What you give back from the listing below should be an exact copy of the lines from the one with "PinMaximizing your nursery" down to the one with "Mid-calf crinkled patent", and it should contain no pictures.

» **PROVIDED ENTRIES**:
◇ ◇ ◇
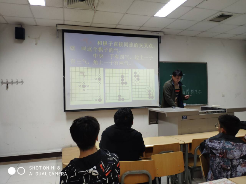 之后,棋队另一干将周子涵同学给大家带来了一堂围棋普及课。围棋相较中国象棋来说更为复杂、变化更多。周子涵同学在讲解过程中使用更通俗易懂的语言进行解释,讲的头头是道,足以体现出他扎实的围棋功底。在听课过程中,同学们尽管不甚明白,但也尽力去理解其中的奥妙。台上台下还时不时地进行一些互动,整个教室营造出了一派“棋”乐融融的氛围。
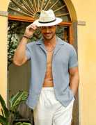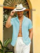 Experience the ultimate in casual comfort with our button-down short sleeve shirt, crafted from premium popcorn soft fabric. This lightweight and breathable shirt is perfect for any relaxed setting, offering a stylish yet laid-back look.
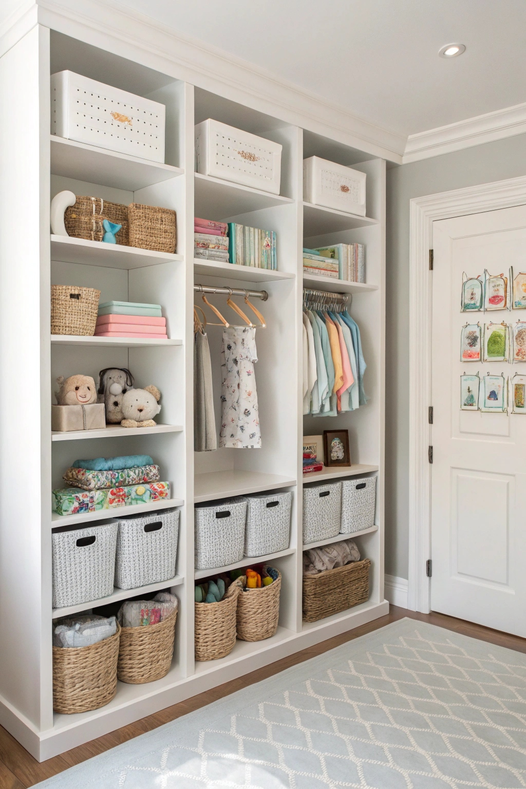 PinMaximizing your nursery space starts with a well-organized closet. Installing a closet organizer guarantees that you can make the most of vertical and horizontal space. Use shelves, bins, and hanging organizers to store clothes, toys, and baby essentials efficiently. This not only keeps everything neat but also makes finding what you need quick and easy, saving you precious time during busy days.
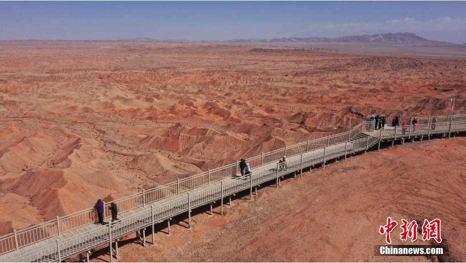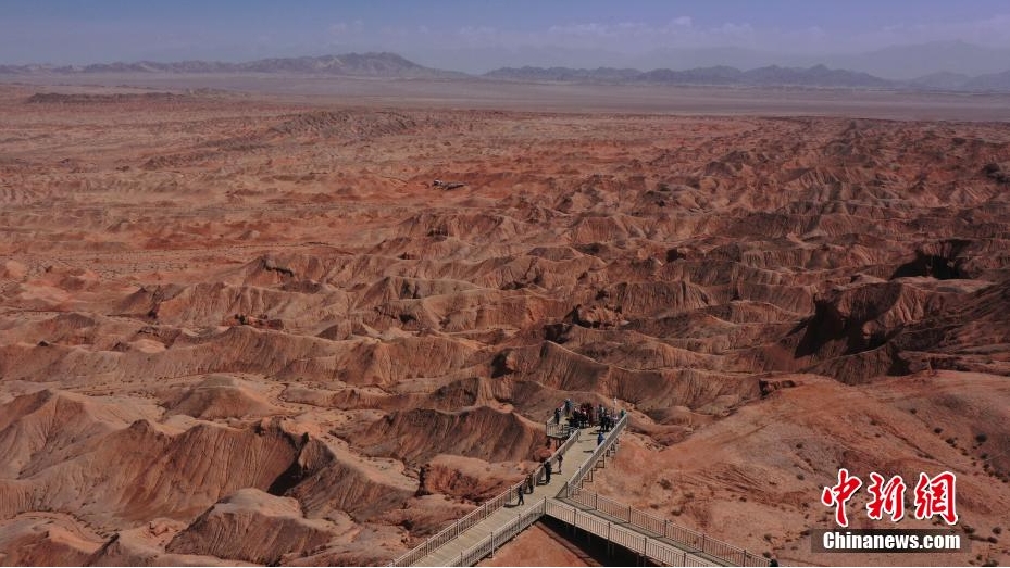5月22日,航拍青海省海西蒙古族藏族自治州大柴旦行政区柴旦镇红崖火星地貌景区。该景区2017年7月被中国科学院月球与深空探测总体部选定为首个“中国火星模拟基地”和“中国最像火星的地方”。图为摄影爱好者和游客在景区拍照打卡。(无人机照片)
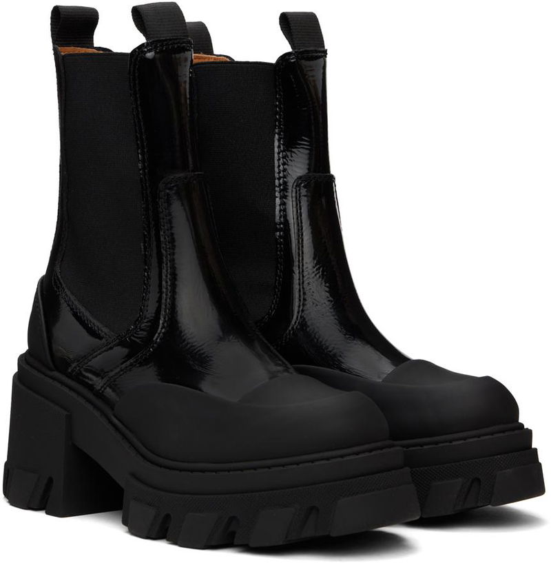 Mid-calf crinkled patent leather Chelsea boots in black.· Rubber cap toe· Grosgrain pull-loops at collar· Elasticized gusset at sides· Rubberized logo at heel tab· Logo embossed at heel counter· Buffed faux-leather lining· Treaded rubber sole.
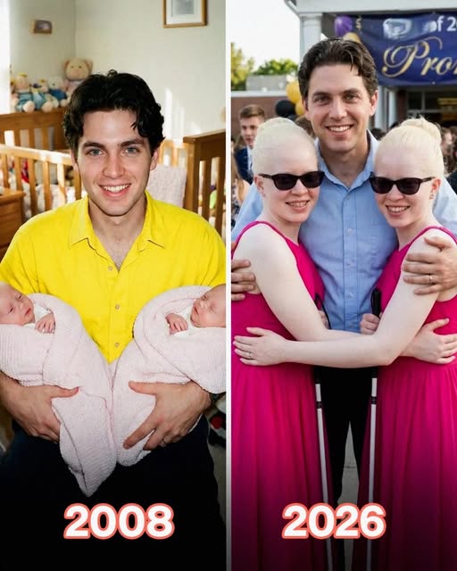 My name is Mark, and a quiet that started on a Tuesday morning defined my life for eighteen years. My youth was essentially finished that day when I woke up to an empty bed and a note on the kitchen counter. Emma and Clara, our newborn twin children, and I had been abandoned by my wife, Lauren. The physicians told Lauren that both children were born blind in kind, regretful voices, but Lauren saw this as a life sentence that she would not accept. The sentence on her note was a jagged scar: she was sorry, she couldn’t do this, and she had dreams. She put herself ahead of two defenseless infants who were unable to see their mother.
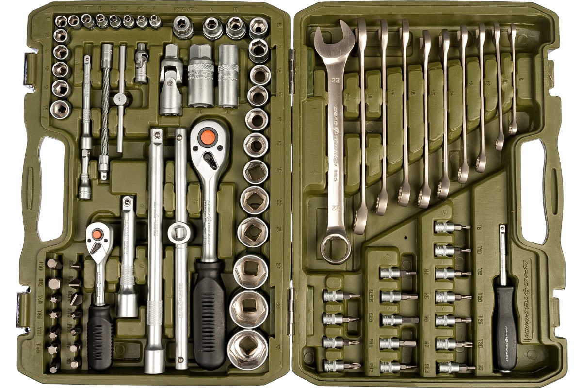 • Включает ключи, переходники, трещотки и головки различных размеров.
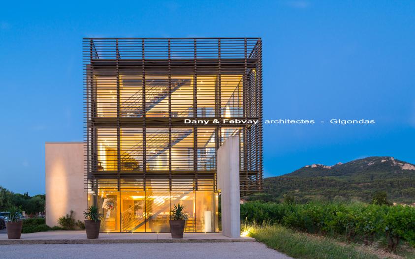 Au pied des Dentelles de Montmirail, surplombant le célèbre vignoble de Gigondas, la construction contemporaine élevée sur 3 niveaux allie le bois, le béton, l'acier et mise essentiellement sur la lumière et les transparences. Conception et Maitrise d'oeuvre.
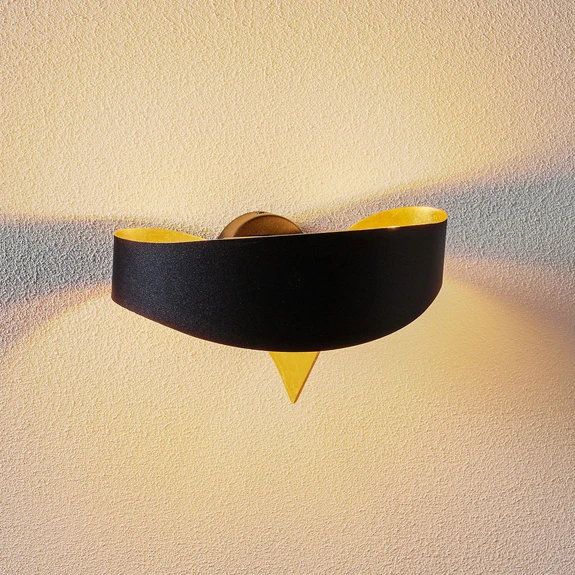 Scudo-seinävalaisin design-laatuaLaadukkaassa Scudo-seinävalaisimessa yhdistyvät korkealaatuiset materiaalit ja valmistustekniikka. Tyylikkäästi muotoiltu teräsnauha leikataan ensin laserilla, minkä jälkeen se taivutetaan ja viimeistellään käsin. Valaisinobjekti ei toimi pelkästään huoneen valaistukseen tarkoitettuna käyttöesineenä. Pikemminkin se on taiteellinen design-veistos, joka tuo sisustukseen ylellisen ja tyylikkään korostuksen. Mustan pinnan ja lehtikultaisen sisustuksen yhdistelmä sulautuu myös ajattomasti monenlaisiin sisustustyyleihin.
◇ ◇ ◇
» **SOLUTION TO THIS EXERCISE**:
 PinMaximizing your nursery space starts with a well-organized closet. Installing a closet organizer guarantees that you can make the most of vertical and horizontal space. Use shelves, bins, and hanging organizers to store clothes, toys, and baby essentials efficiently. This not only keeps everything neat but also makes finding what you need quick and easy, saving you precious time during busy days.
5月22日,航拍青海省海西蒙古族藏族自治州大柴旦行政区柴旦镇红崖火星地貌景区。该景区2017年7月被中国科学院月球与深空探测总体部选定为首个“中国火星模拟基地”和“中国最像火星的地方”。图为摄影爱好者和游客在景区拍照打卡。(无人机照片)
 Mid-calf crinkled patent leather Chelsea boots in black.· Rubber cap toe· Grosgrain pull-loops at collar· Elasticized gusset at sides· Rubberized logo at heel tab· Logo embossed at heel counter· Buffed faux-leather lining· Treaded rubber sole.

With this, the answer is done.